• **Problem**: In your copy, set down the entries exactly and exclude the pictures.

• **Provided data**:
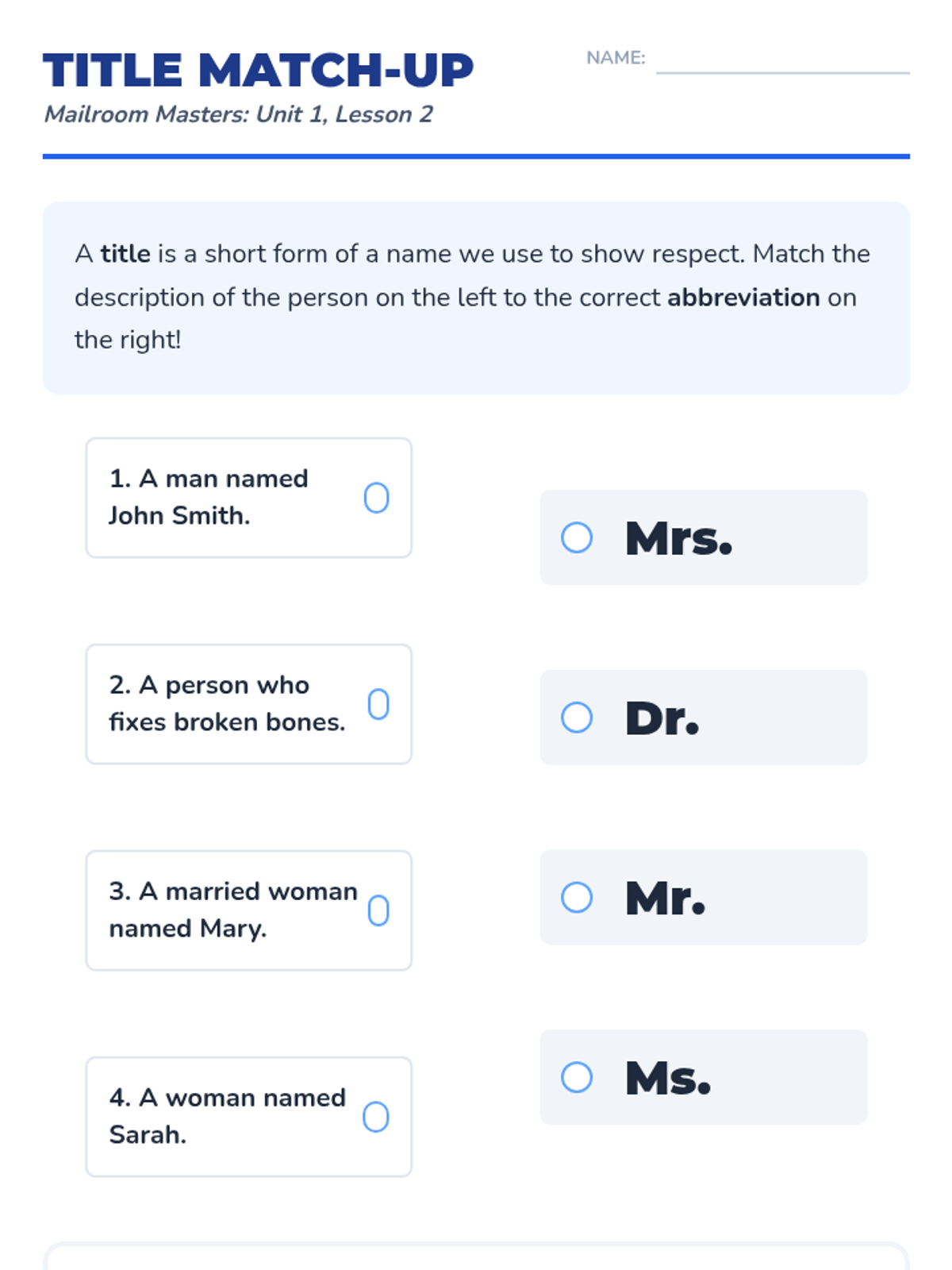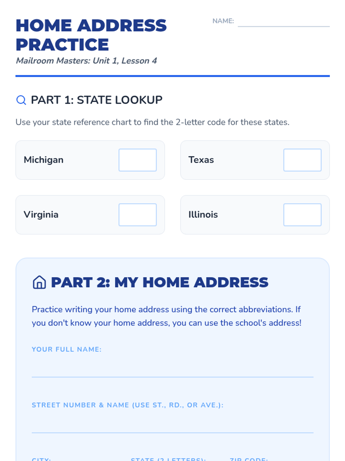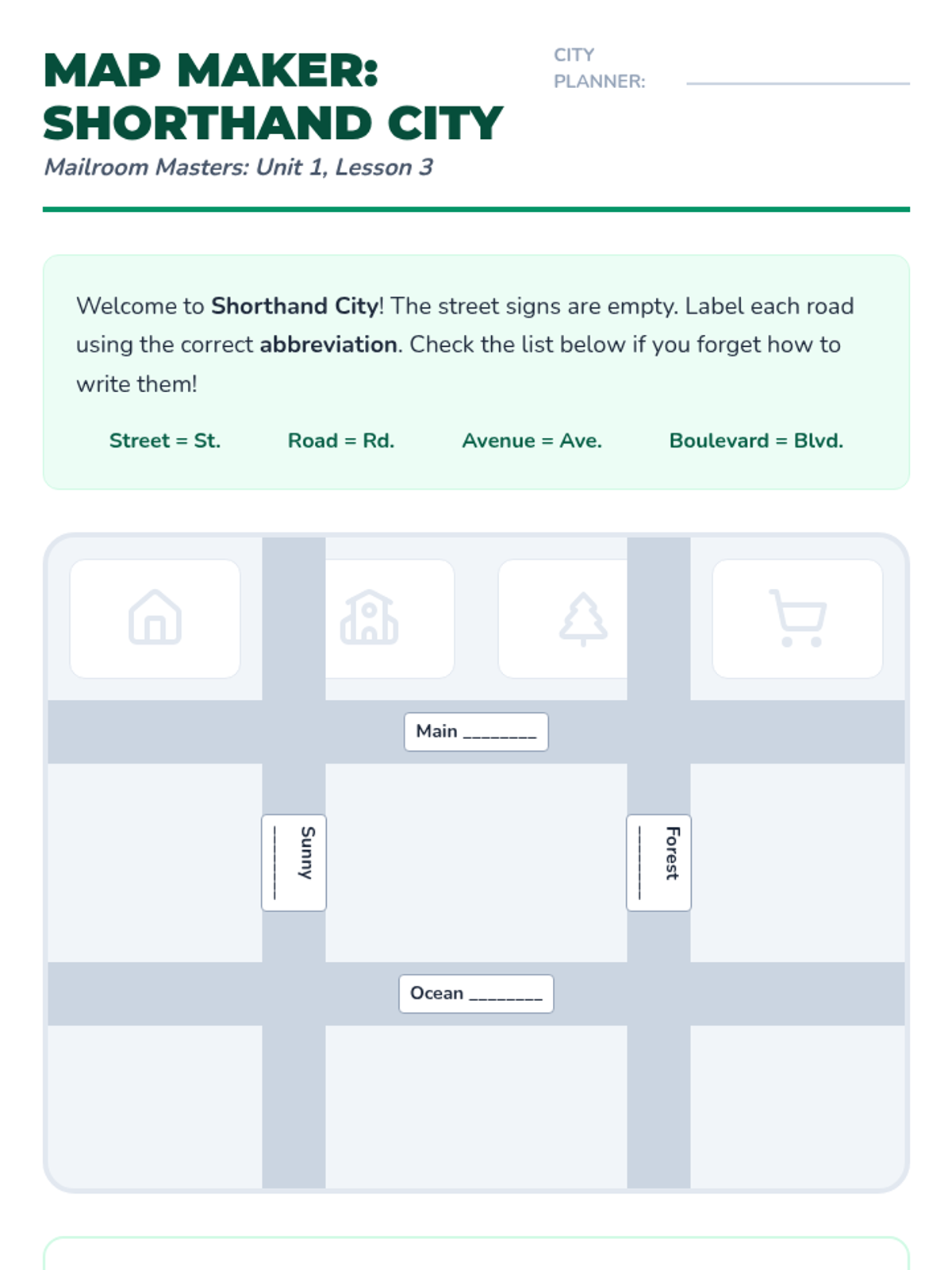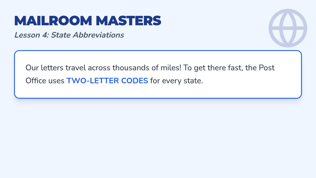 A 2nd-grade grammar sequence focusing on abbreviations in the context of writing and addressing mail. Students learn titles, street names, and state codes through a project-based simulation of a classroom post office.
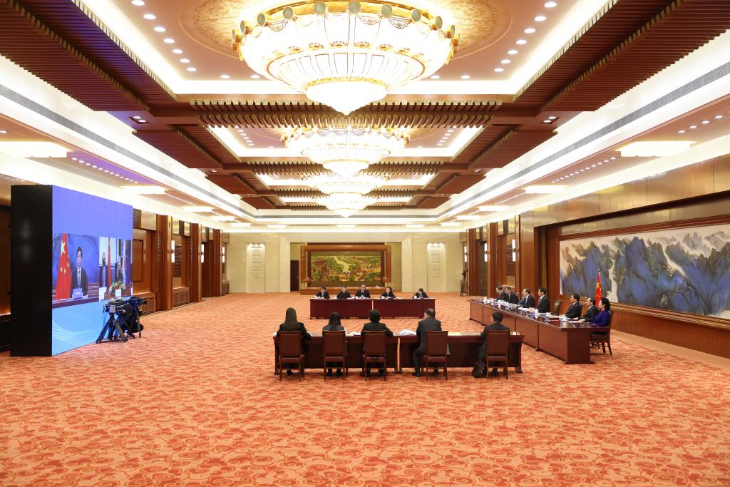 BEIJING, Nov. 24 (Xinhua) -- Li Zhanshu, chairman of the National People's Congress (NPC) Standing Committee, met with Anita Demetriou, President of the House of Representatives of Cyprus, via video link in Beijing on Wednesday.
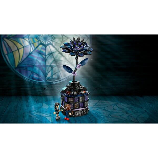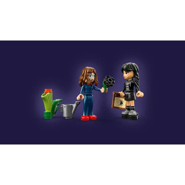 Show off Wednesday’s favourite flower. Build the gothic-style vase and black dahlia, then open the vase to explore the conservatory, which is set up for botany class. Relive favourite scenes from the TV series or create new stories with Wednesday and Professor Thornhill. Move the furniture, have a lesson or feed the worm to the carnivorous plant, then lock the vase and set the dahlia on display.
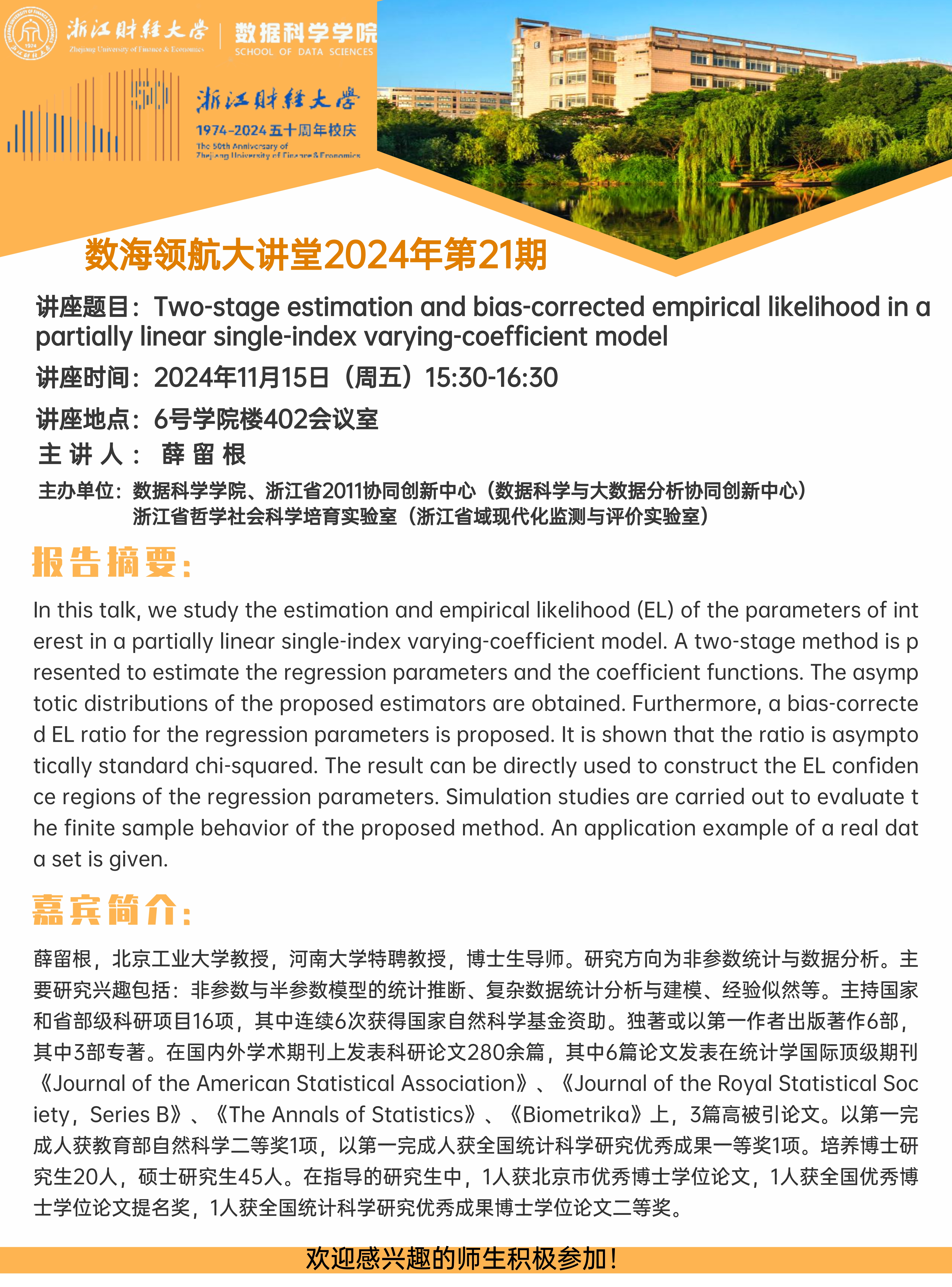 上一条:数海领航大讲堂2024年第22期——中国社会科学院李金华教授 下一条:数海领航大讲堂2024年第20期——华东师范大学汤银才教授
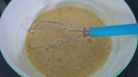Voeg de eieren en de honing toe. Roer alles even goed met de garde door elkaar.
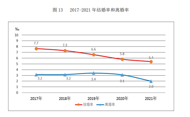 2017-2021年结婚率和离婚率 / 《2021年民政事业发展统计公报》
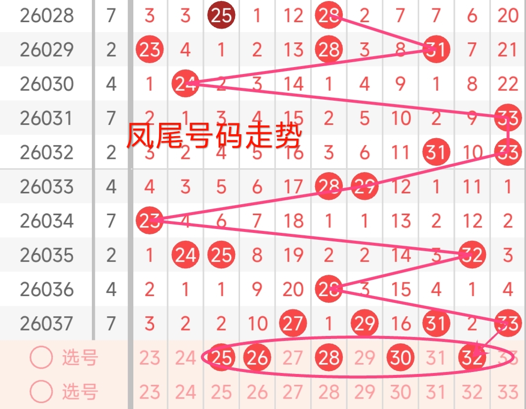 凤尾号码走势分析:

• **Response below**:
 A 2nd-grade grammar sequence focusing on abbreviations in the context of writing and addressing mail. Students learn titles, street names, and state codes through a project-based simulation of a classroom post office.
 BEIJING, Nov. 24 (Xinhua) -- Li Zhanshu, chairman of the National People's Congress (NPC) Standing Committee, met with Anita Demetriou, President of the House of Representatives of Cyprus, via video link in Beijing on Wednesday.
 Show off Wednesday’s favourite flower. Build the gothic-style vase and black dahlia, then open the vase to explore the conservatory, which is set up for botany class. Relive favourite scenes from the TV series or create new stories with Wednesday and Professor Thornhill. Move the furniture, have a lesson or feed the worm to the carnivorous plant, then lock the vase and set the dahlia on display.
 上一条:数海领航大讲堂2024年第22期——中国社会科学院李金华教授 下一条:数海领航大讲堂2024年第20期——华东师范大学汤银才教授
Voeg de eieren en de honing toe. Roer alles even goed met de garde door elkaar.
 2017-2021年结婚率和离婚率 / 《2021年民政事业发展统计公报》
 凤尾号码走势分析:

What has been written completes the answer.